**TASK:**
Please write out every line of the material, leaving out any picture.

**COLLECTED MATERIAL:**
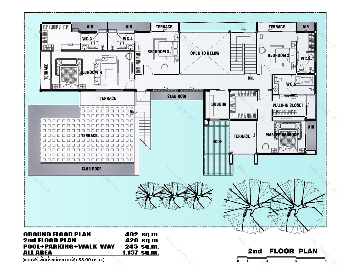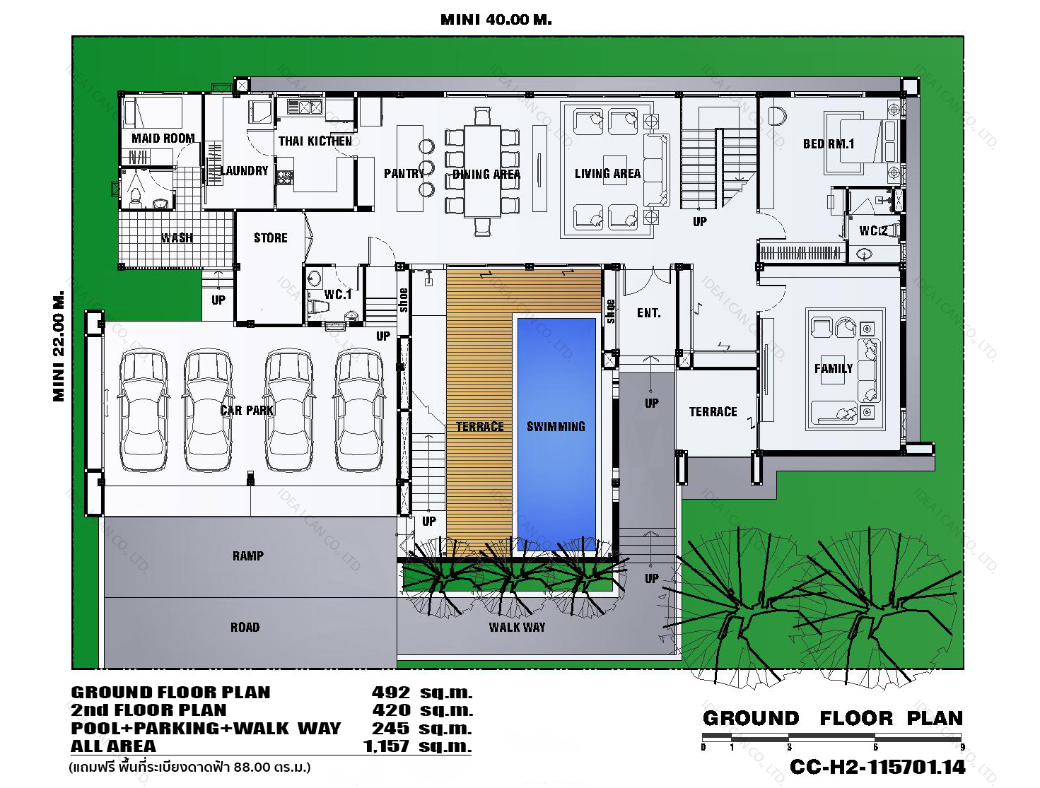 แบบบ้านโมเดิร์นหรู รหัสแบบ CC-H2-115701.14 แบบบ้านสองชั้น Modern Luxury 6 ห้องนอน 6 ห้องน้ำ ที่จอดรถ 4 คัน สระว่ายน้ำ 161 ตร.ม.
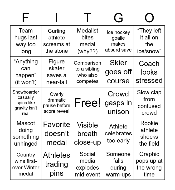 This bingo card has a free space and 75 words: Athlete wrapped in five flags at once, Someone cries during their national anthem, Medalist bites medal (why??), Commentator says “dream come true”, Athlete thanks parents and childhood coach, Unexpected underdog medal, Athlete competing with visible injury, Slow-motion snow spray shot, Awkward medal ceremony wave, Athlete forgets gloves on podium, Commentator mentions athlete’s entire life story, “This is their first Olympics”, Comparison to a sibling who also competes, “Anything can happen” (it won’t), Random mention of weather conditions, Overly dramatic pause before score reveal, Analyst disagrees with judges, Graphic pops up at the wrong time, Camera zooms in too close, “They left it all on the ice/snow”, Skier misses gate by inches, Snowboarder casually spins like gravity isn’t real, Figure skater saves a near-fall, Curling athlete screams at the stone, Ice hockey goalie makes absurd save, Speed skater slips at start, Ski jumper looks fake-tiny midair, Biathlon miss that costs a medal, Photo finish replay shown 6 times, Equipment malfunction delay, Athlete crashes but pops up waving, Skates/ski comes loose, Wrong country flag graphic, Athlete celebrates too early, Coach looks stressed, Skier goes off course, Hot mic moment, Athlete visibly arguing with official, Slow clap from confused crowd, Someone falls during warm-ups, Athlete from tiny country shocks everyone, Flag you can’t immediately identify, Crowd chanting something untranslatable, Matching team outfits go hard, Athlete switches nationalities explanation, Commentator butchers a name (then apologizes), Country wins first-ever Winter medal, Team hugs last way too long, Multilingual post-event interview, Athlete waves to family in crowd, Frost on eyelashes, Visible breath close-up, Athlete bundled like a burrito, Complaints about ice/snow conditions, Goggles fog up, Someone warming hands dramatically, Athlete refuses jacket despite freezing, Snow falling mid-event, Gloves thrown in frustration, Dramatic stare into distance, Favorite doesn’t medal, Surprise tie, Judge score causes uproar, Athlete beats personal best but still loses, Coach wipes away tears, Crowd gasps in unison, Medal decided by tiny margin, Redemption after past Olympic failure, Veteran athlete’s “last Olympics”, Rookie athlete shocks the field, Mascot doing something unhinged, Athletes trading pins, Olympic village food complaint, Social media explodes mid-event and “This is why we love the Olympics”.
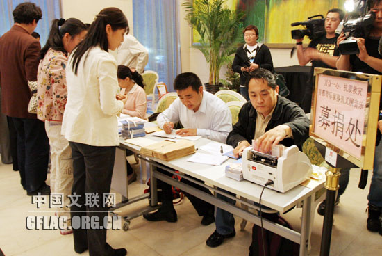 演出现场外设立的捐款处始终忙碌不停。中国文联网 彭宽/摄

**EXERCISE RESULT:**
 แบบบ้านโมเดิร์นหรู รหัสแบบ CC-H2-115701.14 แบบบ้านสองชั้น Modern Luxury 6 ห้องนอน 6 ห้องน้ำ ที่จอดรถ 4 คัน สระว่ายน้ำ 161 ตร.ม.
 This bingo card has a free space and 75 words: Athlete wrapped in five flags at once, Someone cries during their national anthem, Medalist bites medal (why??), Commentator says “dream come true”, Athlete thanks parents and childhood coach, Unexpected underdog medal, Athlete competing with visible injury, Slow-motion snow spray shot, Awkward medal ceremony wave, Athlete forgets gloves on podium, Commentator mentions athlete’s entire life story, “This is their first Olympics”, Comparison to a sibling who also competes, “Anything can happen” (it won’t), Random mention of weather conditions, Overly dramatic pause before score reveal, Analyst disagrees with judges, Graphic pops up at the wrong time, Camera zooms in too close, “They left it all on the ice/snow”, Skier misses gate by inches, Snowboarder casually spins like gravity isn’t real, Figure skater saves a near-fall, Curling athlete screams at the stone, Ice hockey goalie makes absurd save, Speed skater slips at start, Ski jumper looks fake-tiny midair, Biathlon miss that costs a medal, Photo finish replay shown 6 times, Equipment malfunction delay, Athlete crashes but pops up waving, Skates/ski comes loose, Wrong country flag graphic, Athlete celebrates too early, Coach looks stressed, Skier goes off course, Hot mic moment, Athlete visibly arguing with official, Slow clap from confused crowd, Someone falls during warm-ups, Athlete from tiny country shocks everyone, Flag you can’t immediately identify, Crowd chanting something untranslatable, Matching team outfits go hard, Athlete switches nationalities explanation, Commentator butchers a name (then apologizes), Country wins first-ever Winter medal, Team hugs last way too long, Multilingual post-event interview, Athlete waves to family in crowd, Frost on eyelashes, Visible breath close-up, Athlete bundled like a burrito, Complaints about ice/snow conditions, Goggles fog up, Someone warming hands dramatically, Athlete refuses jacket despite freezing, Snow falling mid-event, Gloves thrown in frustration, Dramatic stare into distance, Favorite doesn’t medal, Surprise tie, Judge score causes uproar, Athlete beats personal best but still loses, Coach wipes away tears, Crowd gasps in unison, Medal decided by tiny margin, Redemption after past Olympic failure, Veteran athlete’s “last Olympics”, Rookie athlete shocks the field, Mascot doing something unhinged, Athletes trading pins, Olympic village food complaint, Social media explodes mid-event and “This is why we love the Olympics”.
 演出现场外设立的捐款处始终忙碌不停。中国文联网 彭宽/摄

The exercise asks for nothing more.